Awesome
STCT: Sequentially Training Convolutional Networks for Visual Tracking
Introduction
STCT is an online visual tracking algorithm by sequentailly training convolutional neural networks. This package contains the source code to reproduce the experimental results of STCT reported in our CVPR 2016 paper. The source code is mainly written in MATLAB with .
Usage
-
Supported OS: the source code was tested on 64-bit Arch and Ubuntu 14.04 Linux OS, and it should also be executable in other linux distributions.
-
Dependencies:
-
A modified version of caffe framework and all its dependencies.
-
Cuda enabled GPUs
-
Installation:
- Install caffe: we use a modified version of the original caffe framework. Compile the source code in the ./caffe directory and the matlab interface following the installation instruction of caffe.
- Download the 16-layer VGG network from https://gist.github.com/ksimonyan/211839e770f7b538e2d8, and put the caffemodel file under the ./model directory.
- Run the demo code demo_STCT.m.
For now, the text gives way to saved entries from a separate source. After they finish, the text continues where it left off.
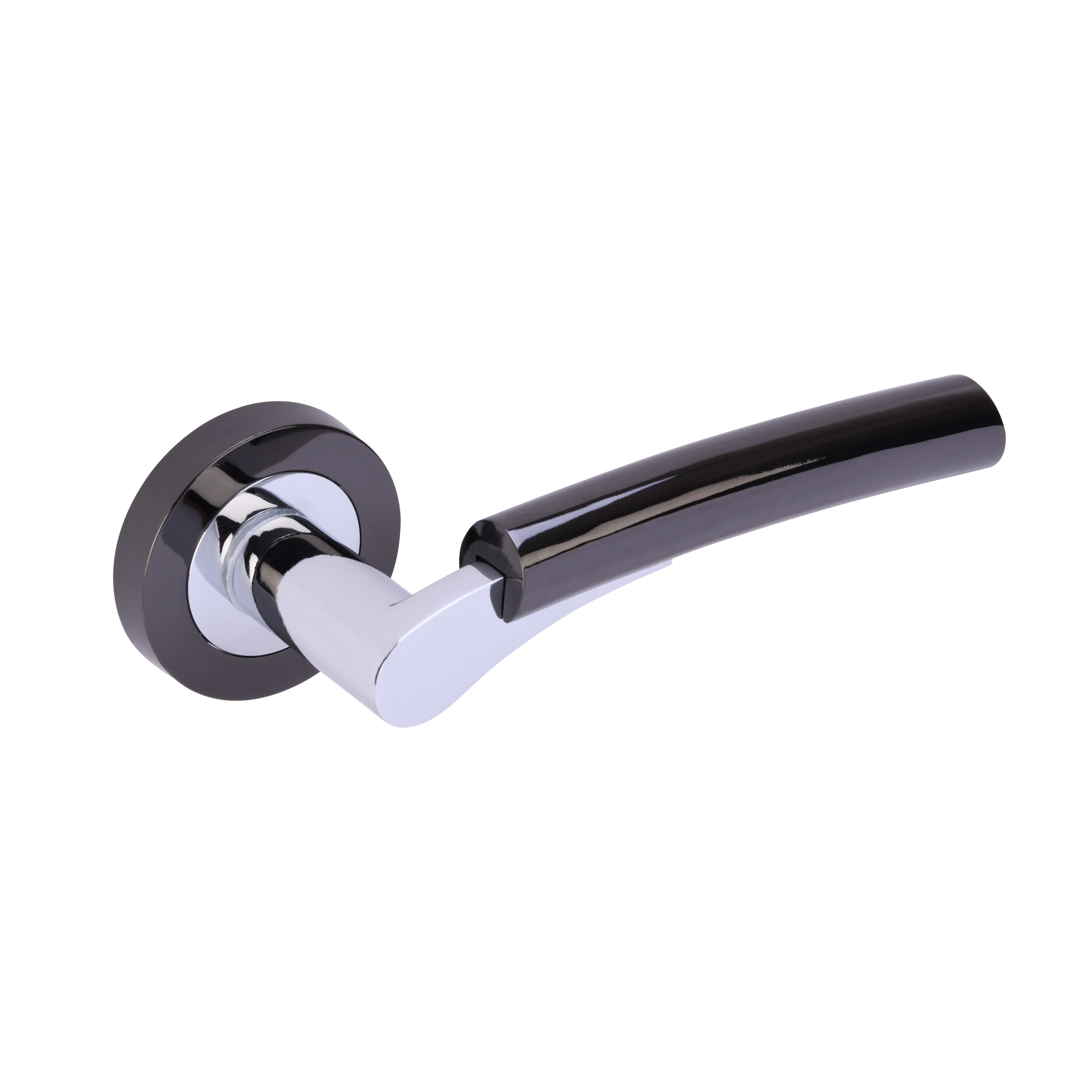 The HUNTA® Raida Lever on rose is a passage door handle featuring a Black Nickel-Polished Chrome plated finish. It is categorized under Levers on Rose – Aluminium Premium. This stylish and modern door handle boasts a contemporary dual finish, an 8-point fixing Compass base rose for enhanced stability, and is supplied with bolt-through fixings and wood screws for a secure installation. The lever design is complemented by the Press for Privacy function which is available as an optional feature, accentuating its versatility and user-friendly nature. Built from durable aluminium and zinc materials, it’s designed to fit seamlessly into modern interior spaces with its sleek aesthetic and matching accessories.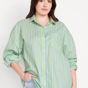 Oversized Button-Down Boyfriend Shirt: spread collar, long sleeves with buttoned cuffs, full-button front, patch chest pocket, curved hem, vertical stripes, #798437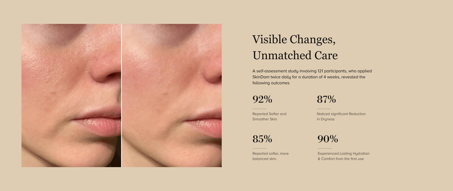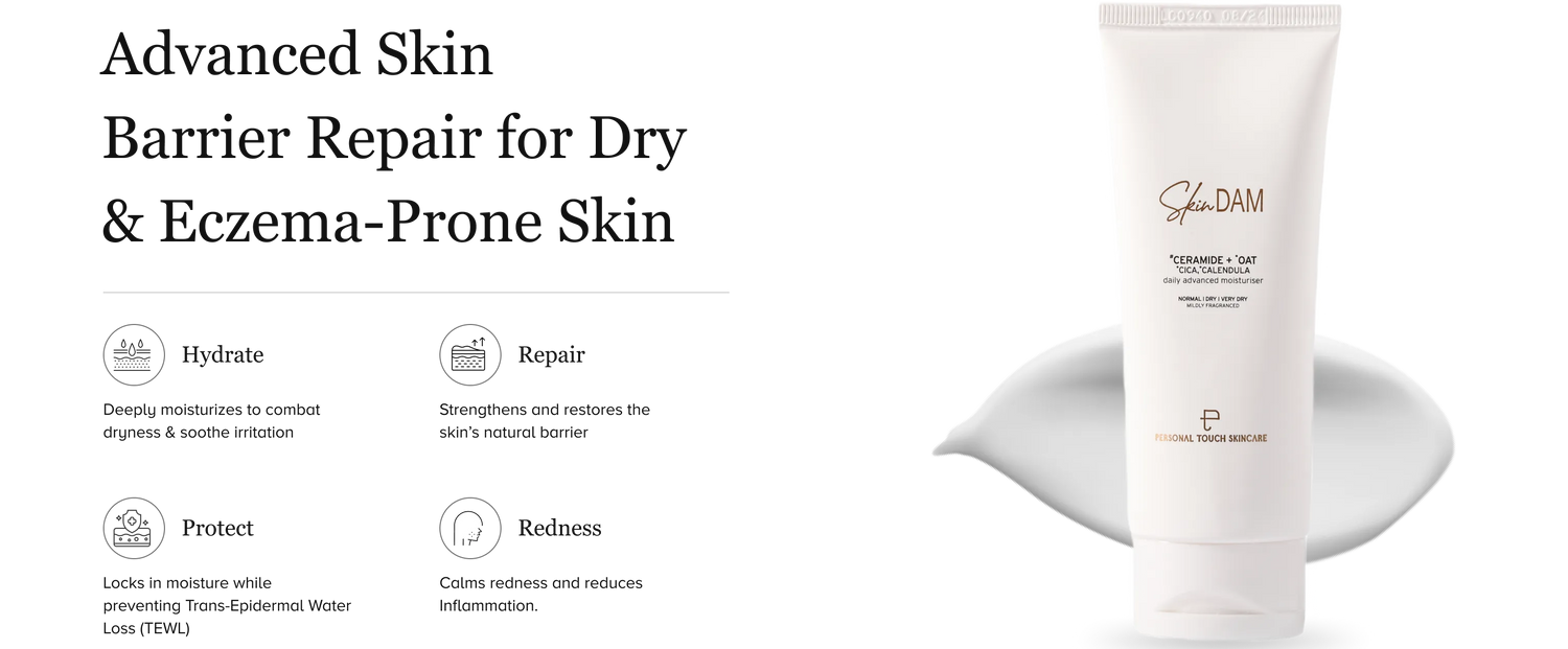 Dry skin is a very common yet distressing problem, occurring due to the lack of a proper skin barrier manifesting as a high degree of moisture loss in the form of Trans-Epidermal Water Loss (lEWL). It is usually caused by using over-stripping cleanser or other harsh chemicals which create breaks in the skin barrier, making the skin appear faky and parched and prone to redness and irritation.

You can customize your own test sequences following this example.
Citing Our Work
If you find STCT useful in your research, please consider to cite our paper:
@inproceedings{wang2016STCT,
title={STCT: Sequentially Training Convolutional Networks for Visual Tracking},
author={Wang, Lijun and Ouyang, Wanli and Wang, Xiaogang and Lu, Huchuan},
booktitle={CVPR},
year={2016}
}
Liscense
Copyright (c) 2016, Lijun Wang
All rights reserved.
Redistribution and use in source and binary forms, with or without modification, are
permitted provided that the following conditions are met:
* Redistributions of source code must retain the above copyright
notice, this list of conditions and the following disclaimer.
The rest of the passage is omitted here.